Когда через год путешествие окончилось, и незапаяные коробки с отснятой пленкой были открыты, оказалось что вся она покрылась плесенью, и на многих километрах целулойдовой основы не сохранилось ни одного кадра.

В 1928 году на сквозном ветру у вокзала Монпарнас стояла маленькая лавочка детских игрушек. Ее хозяин, шестидесятилетний старик, давным-давно продал и свое поместье, и свою киностудию, и все что у него было - в уплату невероятных долгов. Негативы тысячи волшебных фильмов распродались на вес и превратились в гребенки и зубные щетки. И журналисты, нашедшие там "поэта и предтечу нового кино" Жоржа Мельеса, чувствовали себя, наверное, немного неловко... Хотя что с ними, с журналистами, сделается? Да и не только с журналистами. Так легко было взять у старика несколько интервью, потом устроить официальное торжество, наградить орденом и поместить в довольно-таки посредственную богадельню, где спустя десять лет...
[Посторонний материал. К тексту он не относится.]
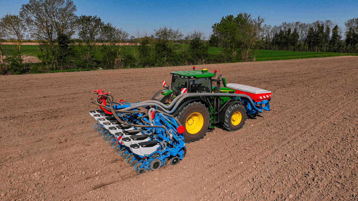 Nouveau châssis porté TFC2, disponible de 8 à 12 rangs avec inter rangs de 45 à 80 cm, gabarit routier 3 ou 3.5m. Châssis flottant en trois parties assurant un suivi de terrain remarquable. Système d’enfouissement d’engrais, alimenté soit par une trémie frontale, soit par une trémie embarquée de 1350L (pour les versions 8 rangs). Nouveaux enfouisseurs mono-disque à roue de jauge, garantissant une profondeur de dépôt constante, qu’importe la typologie du sol. Système innovant d’accompagnement des graines ASG. Convoyage des graines via une brosse, permettant un contrôle total de la trajectoire de la graine, depuis le disque de sélection jusqu’à sa dépose dans le sillon. Grâce à une vitesse de sortie proportionnelle à celle du tracteur, l’espacement entre les graines reste d’une précision ultime, vitesse d’avancement de 4 à 18 km/h.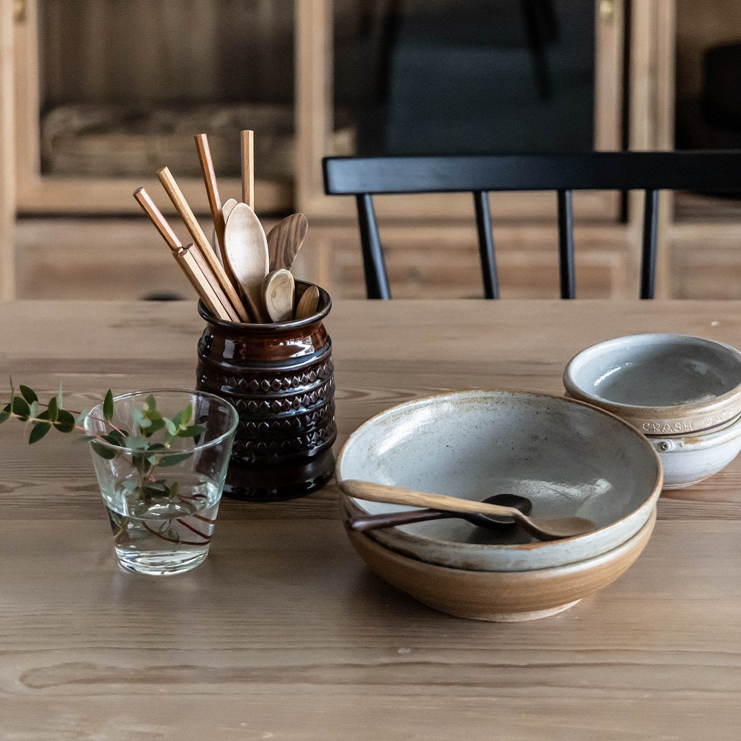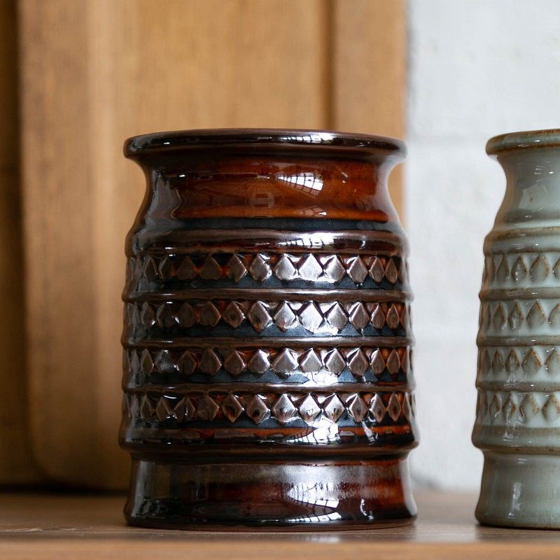 | 商品情報 | レリーフ模様がきれいな北欧をイメージしたスカンジナビアツールスタンド。貫入や釉薬により、豊かな表情で味わいがあります。木のツールやカトラリーとの相性も抜群です。 |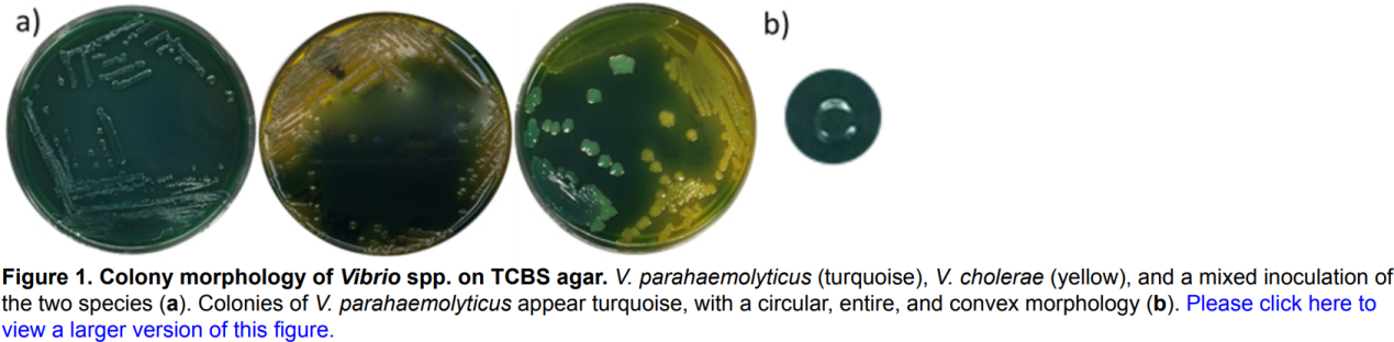 通常,TCBS培养基是用于分离和检测副溶血性弧菌、霍乱弧菌和创伤弧菌的选择性和差异培养基。然而,据报道,该培养基存在局限性,例如无法将霍乱弧菌与其他弧菌物种区分开来。此外,蔗糖和pH指示剂是TCBS的分化,正发酵反应伴随着pH指示剂溴百里酚蓝的颜色变化,但培养基的着色是TCBS的缺点,因为它可能会模糊对菌落形态的观察。因此,需要开发具有更好灵敏度和特异性的替代培养基,用于检测和分离副溶血弧菌和其他近亲菌种。

Потом прошло еще пол-века.

Имя Жоржа Мельеса украшает любую книгу по истории кино. Он - поэт и предтеча. Он - случайный, не удавшийся кинопромышленник, средний буржуа. Он - посредственный режиссер театра-балагана, торговец игровыми автоматами. Он - пленник театральной эстетики, так и не догадавшийся изменить точку зрения кинокамеры, неподвижно глядящей на сцену...

А Жорж Мельес никогда не занимался искусством, он не знал как это делается. Ему было не до того: он снимал свои волшебные фильмы. Это и стало его судьбой, его случайной славой, за которую все те, кто занимается искусством, готовы заплатить любую цену. Но вряд ли такое возможно без игры и случайного волшебства.